Hell Drivers (1957) is a British film noir crime drama film directed by Cy Endfield and starring Stanley Baker, Herbert Lom, Peggy Cummins and Patrick McGoohan. The film was produced by the Rank Organisation and Aqua Film Productions. The film revolves around a recently released convict who takes a driver's job at a haulage company.

Plot
Having spent time abroad, Tom Yately (Stanley Baker) seeks work as a truck driver with Hawletts, a transport company. Mr. Cartley (William Hartnell), the depot manager, informs Tom that his drivers convey their ten-ton loads of gravel fast over bad roads. They are expected to deliver a minimum of twelve loads a day; if a driver falls behind, he is fired. Each run is  round-trip; the top driver makes eighteen runs a day. Tom goes on a trial run with the depot mechanic, in truck no. 13. He narrowly avoids colliding head-on with two other Hawletts trucks speeding the other way.

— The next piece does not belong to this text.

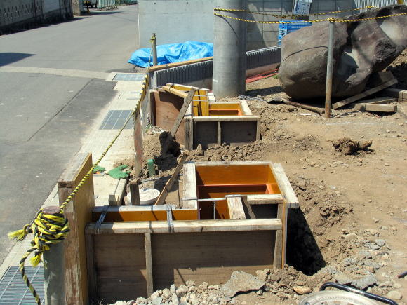 朝から花冷えがして時々小雨が降っていたが、午後には雨も止んで自宅から歩いて新築中の我が家に着いたら、カーポートの組み立てが行なわれていたが、カーポートの柱を目線で見たら僅かに垂直でなかった。どうするのかなと思って当たりを歩きながら見学していたら柱を埋める穴に(1ケ所の穴が片方に寄っていたが許せる範囲なのかな)生コンクリートを流し込む前に垂直の見直しをしていた。

Cartley hires Tom, and he's assigned truck 13. Tom meets the other drivers, including Irishman Red (Patrick McGoohan), the foreman and head driver. Lodging at the same house as various other drivers, Tom is befriended by Gino (Herbert Lom), an Italian driver who is in love with Lucy (Peggy Cummins), Cartley's secretary. Red offers a £250 gold cigarette case to anyone who can make more runs than him in a day, and Tom is determined to try; however, he soon learns that Red has kept his place at the top by taking a dangerous shortcut that none of the other drivers are willing to risk.

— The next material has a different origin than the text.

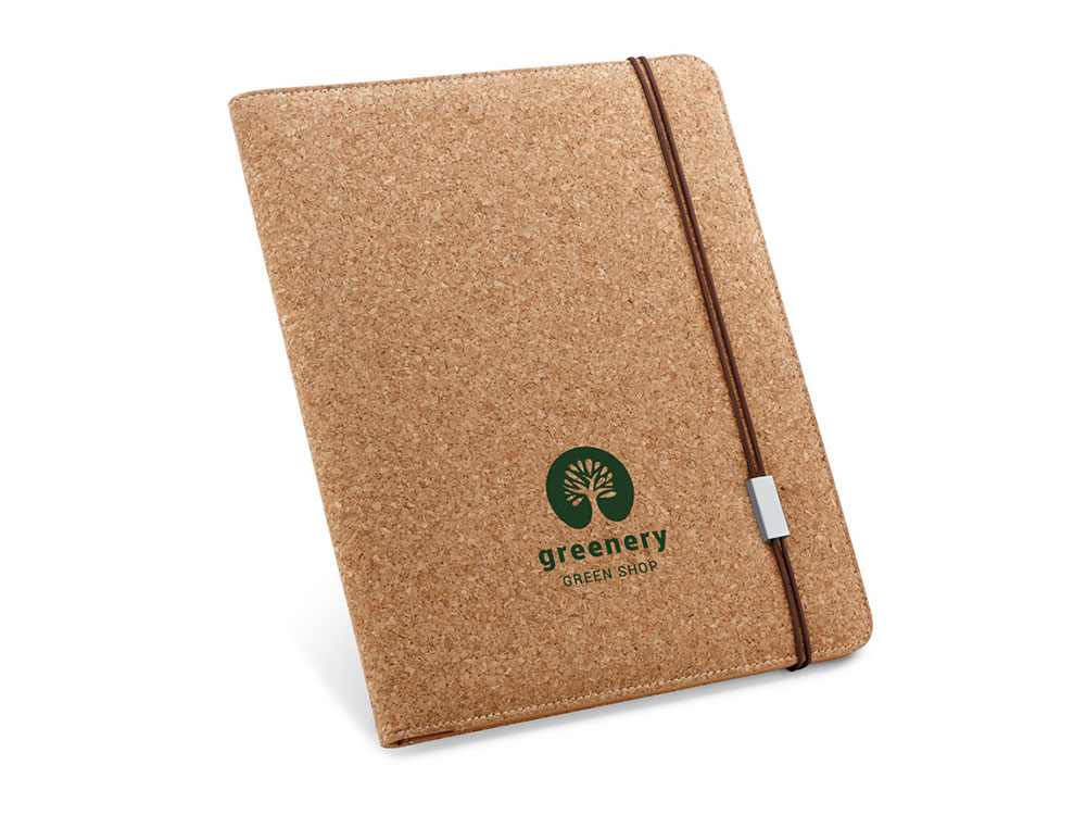 Папка A4 из натуральной пробки, с блокнотом из 20 чистых листов слоновой кости, держателем для шариковой ручки (ручка не входит в комплект) и резинкой. Поставляется в нетканом чехле. 239 x 307 x 17 мм | Сумка: 285 x 350 мм. Вид нанесения, рекомендуемый поставщиком: трансфер, гравировка, трафаретная печать.

One evening, the drivers go to a dance at a nearby hall and start a fight. When the police are called, Tom flees the scene. Red calls him a coward and, from then on, the other drivers (except Gino) turn on Tom, bullying him incessantly, impeding his runs, and calling him "yellow belly". Despite this, Tom doesn't retaliate.

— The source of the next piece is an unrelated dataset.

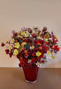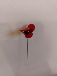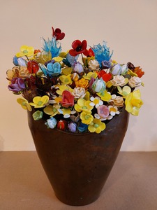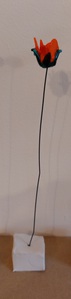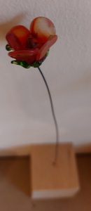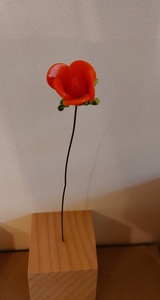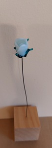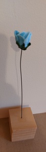 2026blauw roosje van glas met metalen staafje in houten blokje

Tom visits his brother Jimmy (David McCallum) and mother (Beatrice Varley) in their tobacconist's shop. His mother refuses to accept money from Tom, blaming him for Jimmy's life-changing leg injury that requires him to use crutches.

When the drivers collect their pay packets, Tom realises he's been underpaid. A gleeful Red informs Tom his wages were docked to replace equipment damaged as a result of the drivers' bullying. A fistfight ensues, in which Tom beats Red. Gino offers to switch truck numbers with Tom the next day, so that the others can unwittingly harass Gino and therefore help Tom to win the cigarette case.

That night, Lucy breaks up with Gino. Expressing her feelings for Tom while he performs a vehicle check, Tom confesses that he hadn't actually been abroad but was instead serving a year-long prison sentence. Lucy drops off Tom at the drivers' digs, both unaware that Gino has seen them from his bedroom window.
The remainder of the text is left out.